WHEREAS the Appellant Claus Brodersen has appealed a decision of the Respondent Community of New Haven Riverdale, dated September 16, 2008;

AND WHEREAS the Commission heard the appeal at public hearings conducted in Charlottetown on April 2, 2009 after due public notice;

AND WHEREAS the Commission has issued its findings in this matter in accordance with the Reasons for Order issued with this Order;

NOW THEREFORE, pursuant to the Island Regulatory and Appeals Commission Act and the Planning Act;

IT IS ORDERED THAT

1.    The appeal is allowed.

2.  The Respondent's September 16, 2008 decision pertaining to the subject matter of this appeal is hereby quashed.

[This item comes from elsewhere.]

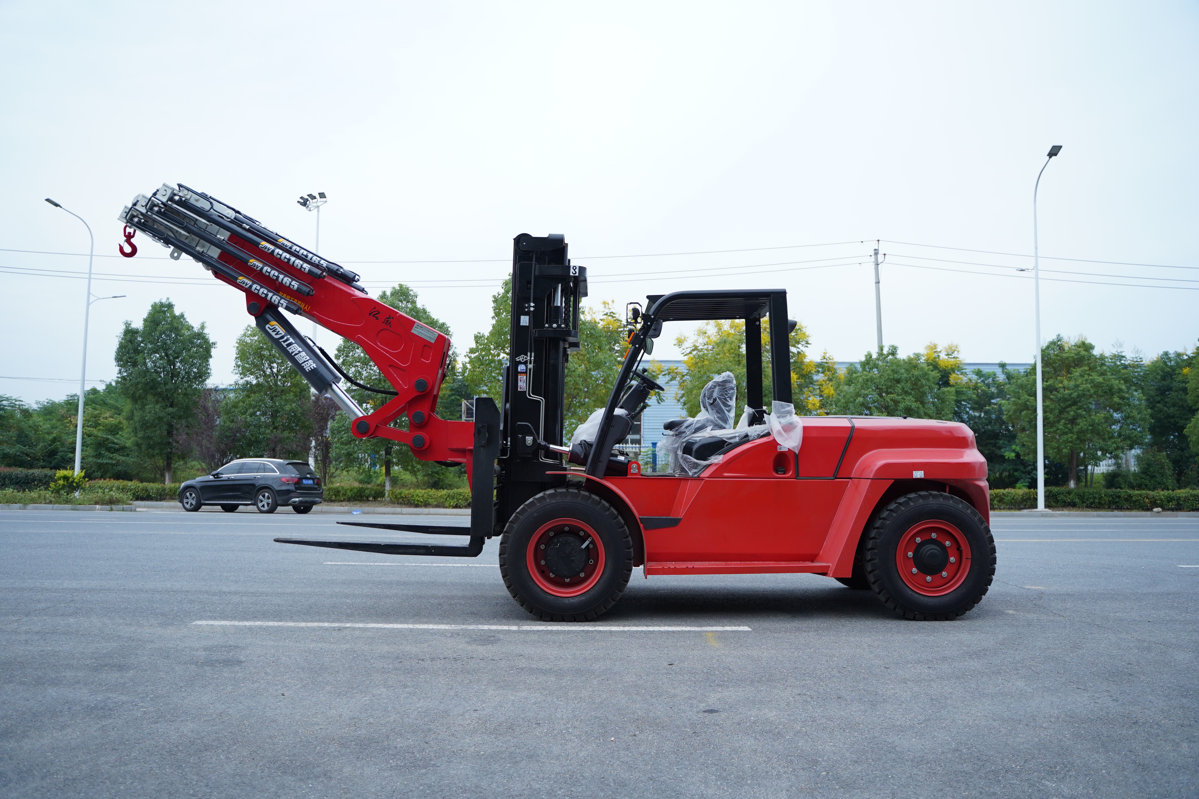 很多地下室限高,吊車進不去,一些機器吊裝,搬運,就只能用叉車了,配上吊臂,能叉能吊,工作起來很是得勁兒。

3.  The Commission hereby refers the matter back to the Community to amend its Zoning and Subdivision Control Bylaw to define the word "kennel" for the purposes of its Bylaw. 

DATED at Charlottetown, Prince Edward Island, this 22nd day of March, 2009.

BY THE COMMISSION:

Maurice Rodgerson, Chair

John Broderick, Commissioner

Gordon McCarville, Commissioner


NOTICE

Section 12 of the Island Regulatory and Appeals Commission Act reads as follows:

12. The Commission may, in its absolute discretion, review, rescind or vary any order or decision made by it or rehear any application before deciding it.

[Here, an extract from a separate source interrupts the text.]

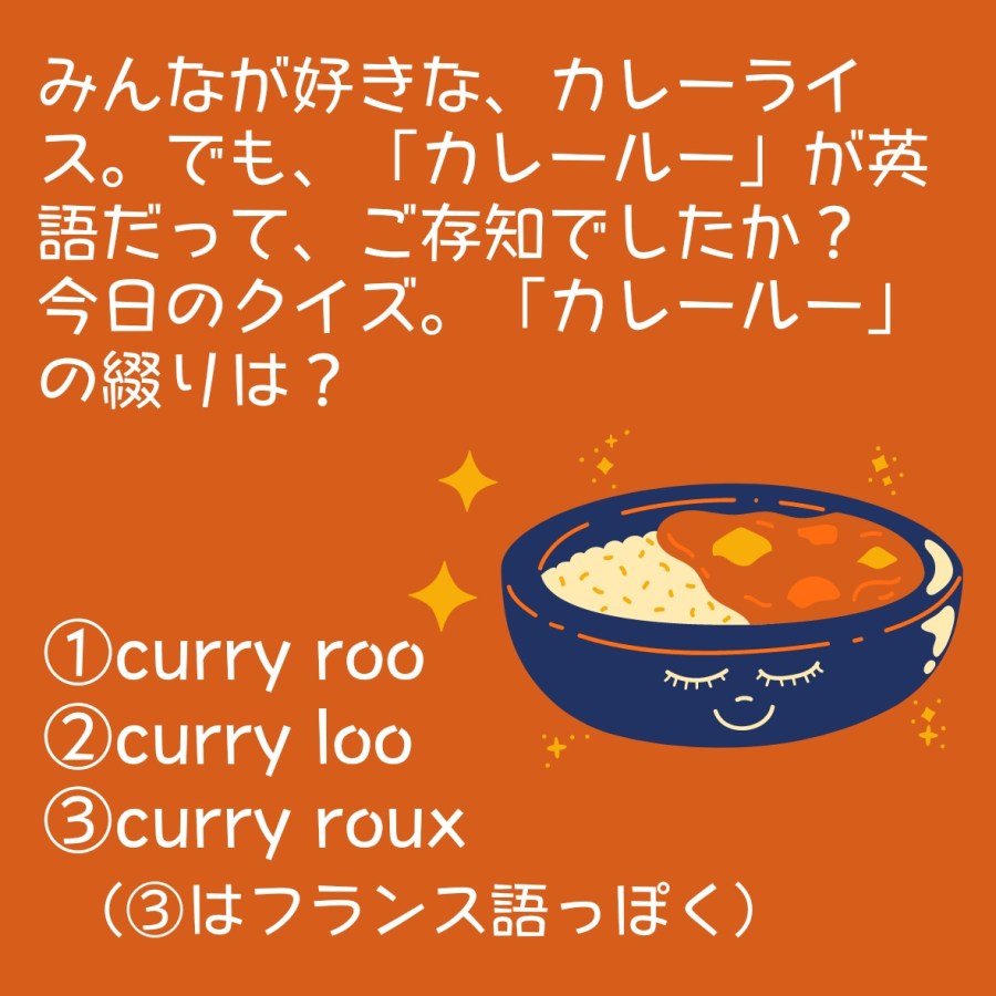 「カレールー」は、何と、英語。でも、どう書く? 投稿者:Go Global2023年6月18日カテゴリー:英語の豆知識タグ:オンライン英会話、オーストラリア、ネイティブ、ラジオ英会話、稲毛海岸、英語、英語スピーチ、英検、英会話、千葉、多聴多読、海浜幕張 Goグローバルの鳥居です。英語クイズ! 共有: X で共有 (新しいウィンドウで開きます) X Facebook で共有 (新しいウィンドウで開きます) Facebook いいね 読み込み中… 関連

Parties to this proceeding seeking a review of the Commission's decision or order in this matter may do so by filing with the Commission, at the earliest date, a written Request for Review, which clearly states the reasons for the review and the nature of the relief sought.

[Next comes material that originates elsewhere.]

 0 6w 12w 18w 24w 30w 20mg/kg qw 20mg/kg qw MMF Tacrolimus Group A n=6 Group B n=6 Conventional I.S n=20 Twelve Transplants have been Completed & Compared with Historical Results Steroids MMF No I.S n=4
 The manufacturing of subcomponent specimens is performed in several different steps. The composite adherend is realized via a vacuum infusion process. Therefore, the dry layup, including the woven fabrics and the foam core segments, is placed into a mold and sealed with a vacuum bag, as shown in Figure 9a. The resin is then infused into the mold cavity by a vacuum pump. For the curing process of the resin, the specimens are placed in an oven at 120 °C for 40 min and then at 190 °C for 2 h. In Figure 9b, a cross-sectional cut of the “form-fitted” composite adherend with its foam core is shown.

Sections 13.(1) and 13(2) of the Act provide as follows:

13.(1) An appeal lies from a decision or order of the Commission to the Court of Appeal upon a question of law or jurisdiction.

(2) The appeal shall be made by filing a notice of appeal in the Court of Appeal within twenty days after the decision or order appealed from and the Civil Procedure Rules respecting appeals apply with the necessary changes.